/Meta

Fast Adaptive Active Noise Control based on Modified Model-Agnostic Meta-Learning Algorithm

Primary LanguageMATLAB

Model-Agnostic Meta-Learning (MAML) for Adaptive Filter

This document describes the process and findings of testing the MAML algorithm for enhancing the convergence of the FxLMS algorithm in noise cancellation applications, specifically targeting aircraft noise.

Introduction

The purpose of this test is to evaluate the Modified MAML (Model-Agnostic Meta-Learning) algorithm's effectiveness in initializing control filters for adptive active noise cancellation.

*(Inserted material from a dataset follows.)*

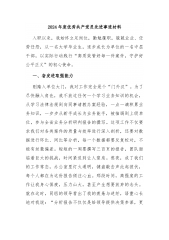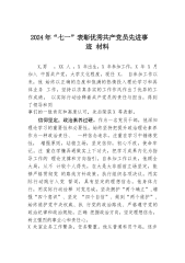 2024年“七一”表彰优秀共产党员先进事迹材料X,男,XX人,X年出生,X年参加工作,X年X月加入中国共产党,大学文化程度,现任X。自参加工作以来,他始终以正确的态度和饱满的热情投入理论学习和具体业务工作,坚持以求真务实的工作作风作出了优异的工作成绩,以实际行动诠释着共产党员的责任与担当,得到了领导和同事们的一致肯定和高度认可,先后荣获X等表彰。信仰坚定,政治素养过硬。作为一名党员干部,他深知理论学习的重要性和必要性。始终坚持把提升政治理论素养作为一种政治责任、一种信念追求,注重在学习中锤炼党性,增强原则,站稳立场,坚定信仰,初心不改,使命牢记。注重在学懂弄通做实上下功夫,把学习成果内化为指导...

Figure 1: the adaptive feedforward active noise control system based on the filtered reference square (FxLMS) algorithm.

As illustrated in Figure 1, the standard active noise control typically utilizes the filtered reference least mean square (FxLMS) algorithm to realize the adaptive noise cancellation. The error signal in this ANC system is given by

$$\begin{equation}e(n)=d(n)-\mathbf{w}^\mathrm{T}(n)\mathbf{x}^\prime(n),\end{equation}$$

where $d(n)$ and $\mathbf{w}(n)$ denote the disturbance and the control filter vector, respectively; and the filtered reference vector is expressed as

$$\begin{equation}\mathbf{x}^\prime(n)=\begin{bmatrix}x^\prime(n)&x^\prime(n-1)&\cdots&x^\prime(n-N+1)\end{bmatrix}^\mathrm{T}\end{equation}$$

In the above vector, the filtered reference signal is obtained from

$$\begin{equation}x^\prime(n)=\hat{s}(n){\ast}x(n),\end{equation}$$

where $\hat{s}(n)$ repsenets the impulse response of the secondary path estimate.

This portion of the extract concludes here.